Hi there, as a newbie can anyone tell me if there are plenty of jobs anywhwere in Canada for Telecommunication Network Engineers. My husband has 22 years of British Army background and 12 years plus of working for a worldwide mobile phone company behind him, so has plenty of experience. We have been trying since May this year and so far have not had much luck, he gets plenty of replies but all saying the same thing. If anyone could give us any advice of point us in the right direction it would be very much appreciated. Look forward to any replies on any level, thank you.


----------



## telcoman (Feb 11, 2010)

I worked in telecom for 30 years for Telus. In my experience the Telco industry is one of those industries where you are better to apply in person to get past the front desk. At least that is the way it was with Telus. There are quite a few mobile phone companies, but Telus, Bell & Rogers are the largest. Most of the smaller ones utilize the networks of those 3, so you really have to be concentrating on them. Trouble is the larger telecoms have managed to whittle away at their unions to the point where they are contracting out a lot of their work to small lower paying independent contractors.

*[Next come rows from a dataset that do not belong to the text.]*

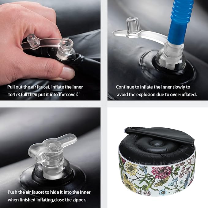 - 【Package Included】-You will received a flat hand-held storage bag inlclude 1pc black inflatable ottoman pouf inner measures D20"xH9", 1pc floral ottoman cover with fully zipper closure and wide portable handle for free movement, and 1pc air pump. They are easy assembling. :)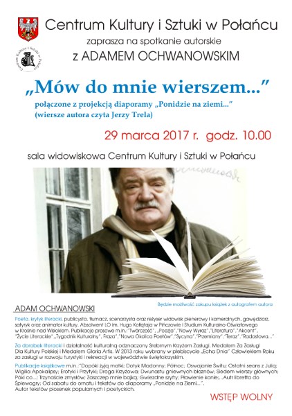 Serdecznie zapraszamy 29 marca o godz. 10.00 do Centrum Kultury i Sztuki w Połańcu na spotkanie autorskie z Adamem Ochwanowskim "Mów do mnie wierszem....". W programie prezentacja wierszy w wykonaniu Jerzego Treli i projekcja diaporamy "Ponidzie na ziemi...." Adam Ochwanowski to pochodzący ze Złotej Pińczowskiej poeta, działacz kultury, autor kilkunastu tomów wierszy, tekstów piosenek, scenariuszy teatralnych.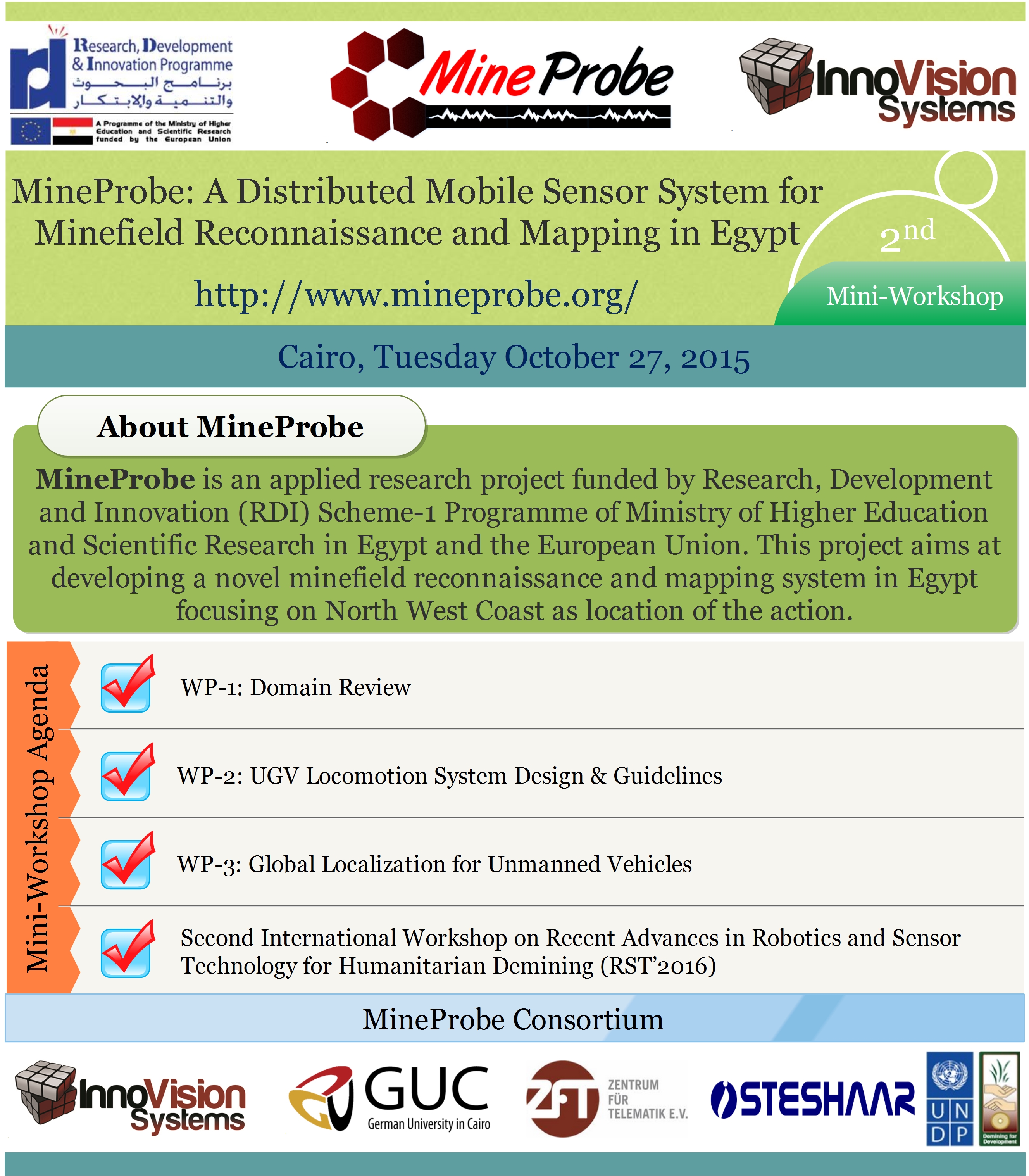 MineProbe workshop will take palce in conjunction with Second International Workshop on Recent Advances in Robotics and Sensor Technology for Humanitarian Demining and Counter-IEDs (RST 2016) to be hosted by Zewail City of Science and Technology in the beautiful city of Cairo, Egypt in October 27-30, 2016. MineProbe workshop is dedicated to present the progress of the different work packages the project.

However, here is my advice. Try Telus, but be willing to go to a smaller less desirable location, than a place like Vancouver. Especially up north where they have trouble getting personnel. You can always relocate a couple of years down the road once in. Here is the link:

About TELUS - Opportunities


----------



## BrackensMum (Oct 27, 2011)

*Telecom Network Engineer*



telcoman said:


> I worked in telecom for 30 years for Telus. In my experience the Telco industry is one of those industries where you are better to apply in person to get past the front desk. At least that is the way it was with Telus. There are quite a few mobile phone companies, but Telus, Bell & Rogers are the largest. Most of the smaller ones utilize the networks of those 3, so you really have to be concentrating on them. Trouble is the larger telecoms have managed to whittle away at their unions to the point where they are contracting out a lot of their work to small lower paying independent contractors.
> 
> However, here is my advice. Try Telus, but be willing to go to a smaller less desirable location, than a place like Vancouver. Especially up north where they have trouble getting personnel. You can always relocate a couple of years down the road once in. Here is the link:
> 
> About TELUS - Opportunities


Hi there Telcoman,
Many thanks for the advice. My husband has already applied for jobs at all 3 major players and no luck so far. We are looking at the whole of Canada, so hopefully something will crop up soon. Once again thank you.


----------



## G-Mo (Aug 17, 2011)

I don't want to be negative, but, they all know they will never get an LMO so it's not worth their effort. Like many jobs, it's one of those get here first, then we can talk positions.


----------